_Exercise inputs:_
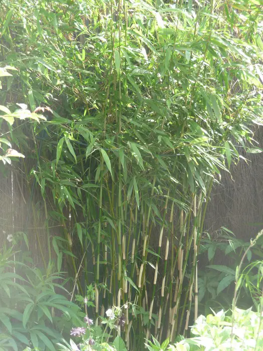 Fargesia robusta 'Pingwu' heeft groene fijne bladeren maar het meest opvallende en decoratieve aan de plant zijn de witte schutbladeren die mooi afsteken tegen de donkergroene stengel.
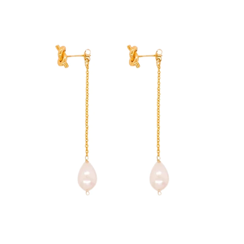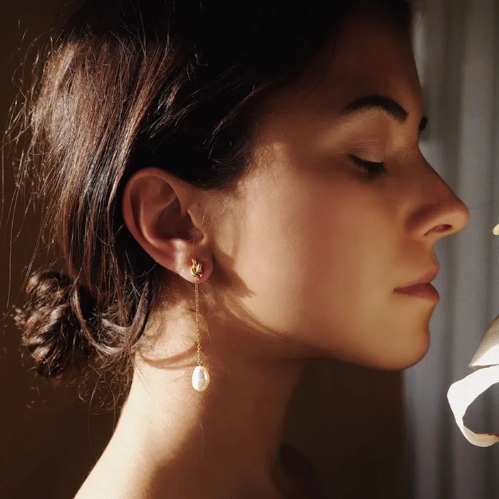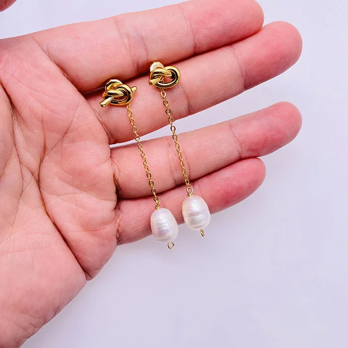 Серьги-подвески женские из латуни с настоящим жемчугом и золотом 18 карат
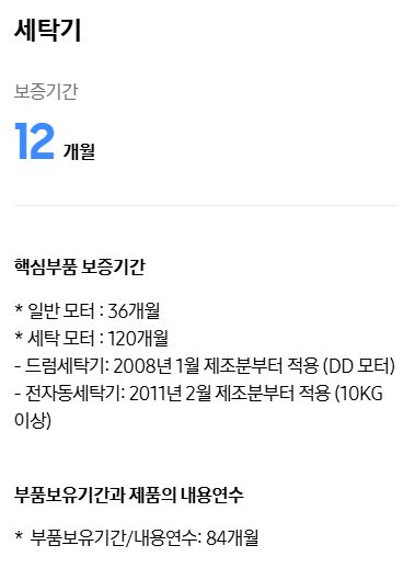 양대 가전회사 세탁기 DD모터(벨트없이 세탁통 직결식인 모터)의 보증기간에 대해 본문
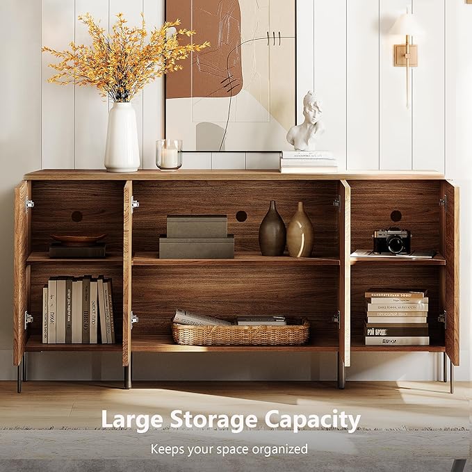 WAMPAT 61.6" TV Stand Cabinets for TVs up to 75 Inches, Entertainment Center with Storage Cabinets and 4 Doors, Mid Century Modern Media TV Console Table for Living Room Bedroom, Brown
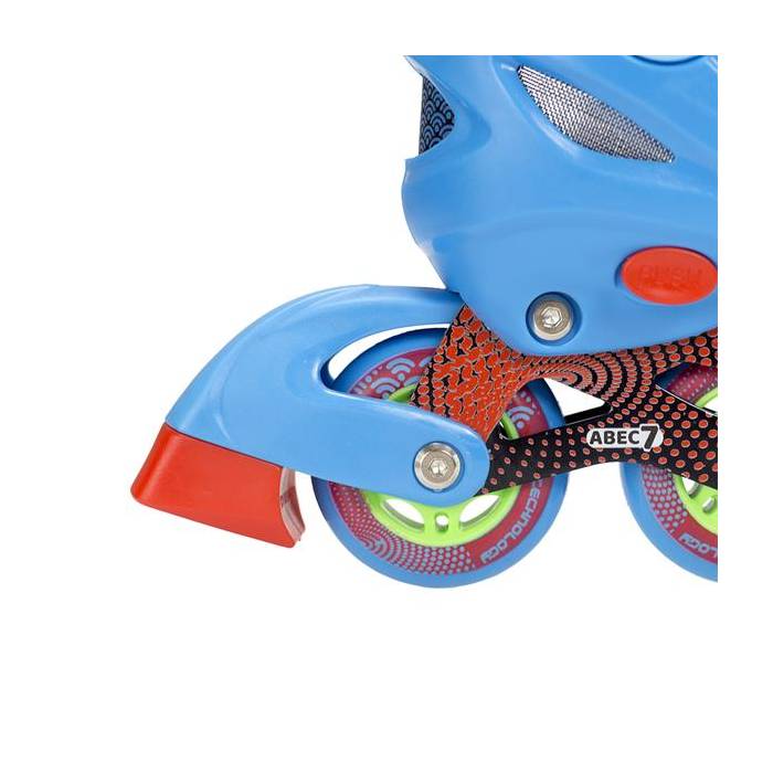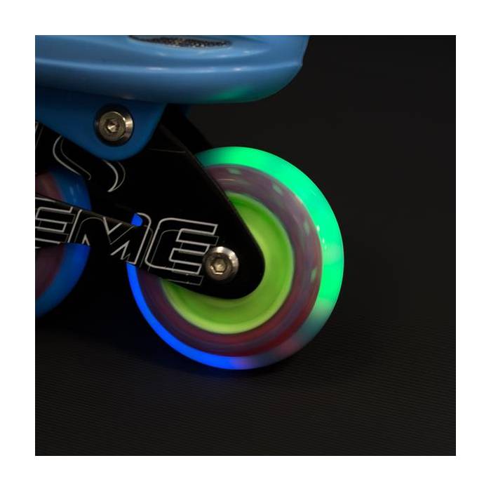 Το ημι-μαλακό παπούτσι παρέχει άνεση και μια σωστά επιλεγμένη στερέωση, όπως λουριά/δέστρες, πόρπη και λουρί velcro τα οποία εγγυώνται μέγιστη ασφάλεια ενώ οδηγείτε. Χρησιμοποιώντας ένα απλό σύστημα ρύθμισης, μπορείτε εύκολα και γρήγορα να προσαρμόσετε το μέγεθος στο πόδι του χρήστη. Τα LED φωτάκια που είναι τοποθετημένα στους εμπρός τροχούς δίνουν ένα θεαματικό αποτέλεσμα και απίστευτη χαρά στα παιδιά σας.

_The task:_ Repeat the listing verbatim. Skip the pictures.

_Task answer:_
 Fargesia robusta 'Pingwu' heeft groene fijne bladeren maar het meest opvallende en decoratieve aan de plant zijn de witte schutbladeren die mooi afsteken tegen de donkergroene stengel.
 Серьги-подвески женские из латуни с настоящим жемчугом и золотом 18 карат
 양대 가전회사 세탁기 DD모터(벨트없이 세탁통 직결식인 모터)의 보증기간에 대해 본문
 WAMPAT 61.6" TV Stand Cabinets for TVs up to 75 Inches, Entertainment Center with Storage Cabinets and 4 Doors, Mid Century Modern Media TV Console Table for Living Room Bedroom, Brown
 Το ημι-μαλακό παπούτσι παρέχει άνεση και μια σωστά επιλεγμένη στερέωση, όπως λουριά/δέστρες, πόρπη και λουρί velcro τα οποία εγγυώνται μέγιστη ασφάλεια ενώ οδηγείτε. Χρησιμοποιώντας ένα απλό σύστημα ρύθμισης, μπορείτε εύκολα και γρήγορα να προσαρμόσετε το μέγεθος στο πόδι του χρήστη. Τα LED φωτάκια που είναι τοποθετημένα στους εμπρός τροχούς δίνουν ένα θεαματικό αποτέλεσμα και απίστευτη χαρά στα παιδιά σας.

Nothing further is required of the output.